FelCor Commences Consent Solicitation for Amendment to Indenture Governing Its 10% Senior Secured Notes Due 2014
October 07 2009 - 6:03PM
Business Wire
FelCor Lodging Trust Incorporated (NYSE: FCH) (“FelCor”) and its
subsidiary, FelCor Lodging Limited Partnership (“FelCor LP”), today
announced that on October 7, 2009, FelCor Escrow Holdings, L.L.C.
(“FelCor Escrow”), a wholly-owned subsidiary of FelCor LP,
commenced a solicitation of consents to a proposed amendment to the
indenture governing its 10% Senior Secured Notes due 2014 (CUSIP
Nos. 31430QAZ0 and U31522AK8) (the “New Notes”).

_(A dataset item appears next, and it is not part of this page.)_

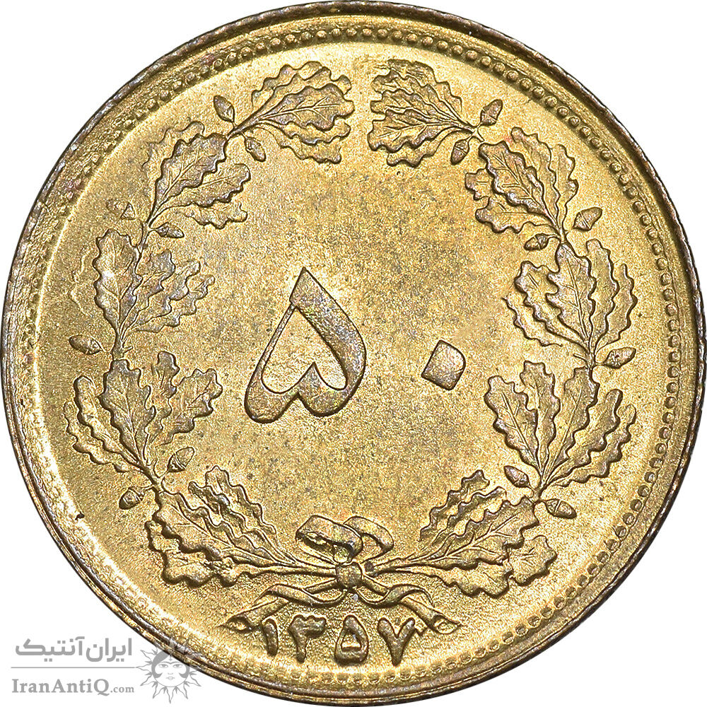 iran 50 dinars 1357 coin - MS63 - mohammad reza shah

The consent solicitation is being made pursuant to a
Solicitation Letter dated October 6, 2009, and related letter of
consent. The consent solicitation expires at 5:00 p.m., New York
City time, on October 13, 2009 (the “Expiration Date”), unless
extended or earlier terminated by FelCor Escrow. The proposed
amendment to the indenture will provide additional flexibility with
respect to the incurrence of indebtedness by FelCor LP, once FelCor
LP has assumed the obligations under the indenture. The
supplemental indenture containing the proposed amendment will be
executed promptly following the receipt of the consents required to
approve the proposed amendment.
FelCor LP has made tender offers to purchase all of its
outstanding 8 ½% Senior Notes due 2011 (“8 ½% Notes”) and Senior
Secured Floating Rate Notes due 2011 (“Floating Rate Notes”). The
net proceeds of the New Notes, which are currently held in escrow,
will be used to purchase the 8 ½% Notes, the Floating Rate Notes
and for general corporate purposes. However, the sale of the New
Notes by FelCor LP was subject to the consummation of the tender
offers, which are conditioned upon the valid tenders of at least
90% of the outstanding 8 ½% Notes. Because this condition was
neither satisfied nor waived by the close of the offer and sale of
the New Notes, the New Notes were issued by FelCor Escrow on
October 1, 2009. Upon the successful consummation of the tender
offers, FelCor LP will assume all of the rights and obligations
under the indenture governing the New Notes. As of today,
approximately 69% of the 8 ½% Notes and more than 99% of the
Floating Rate Notes have been validly tendered.
The terms and conditions of the consent solicitation are set
forth in the Solicitation Letter and related materials.
J.P. Morgan Securities Inc. is acting as Solicitation Agent for
the consent solicitation. Copies of the documents can be obtained
from, and questions concerning the consent solicitation may be
directed to, J.P. Morgan at (212) 270-3994 (collect) or (800)
245-8812 (toll free).
This press release is not a solicitation of consents, which may
be made only pursuant to the terms of the Solicitation Letter and
related letter of consent. Those documents should be consulted for
additional information regarding delivery procedures and the
conditions for the consent solicitation.
FelCor, a real estate investment trust, is the nation’s largest
owner of upper upscale, all-suite hotels. FelCor owns interests in
87 hotels and resorts, located in 23 states and Canada. FelCor’s
portfolio consists mostly of upper upscale hotels, which are
flagged under global brands - Embassy Suites Hotels®, Doubletree®,
Hilton®, Marriott®, Renaissance®, Sheraton®, Westin® and Holiday
Inn®. Additional information can be found on the Company’s Web site
at www.felcor.com.
With the exception of historical information, the matters
discussed in this news release include “forward-looking statements”
within the meaning of the federal securities laws. Forward-looking
statements are not guarantees of future performance. Numerous risks
and uncertainties, and the occurrence of future events, may cause
actual results to differ materially from those currently
anticipated. Certain of these risks and uncertainties are described
in greater detail in our filings with the Securities and Exchange
Commission. Although we believe our current expectations to be
based upon reasonable assumptions, we can give no assurance that
our expectations will be attained or that actual results will not
differ materially. We undertake no obligation to update any
forward-looking statement to conform the statement to actual
results or changes in our expectations.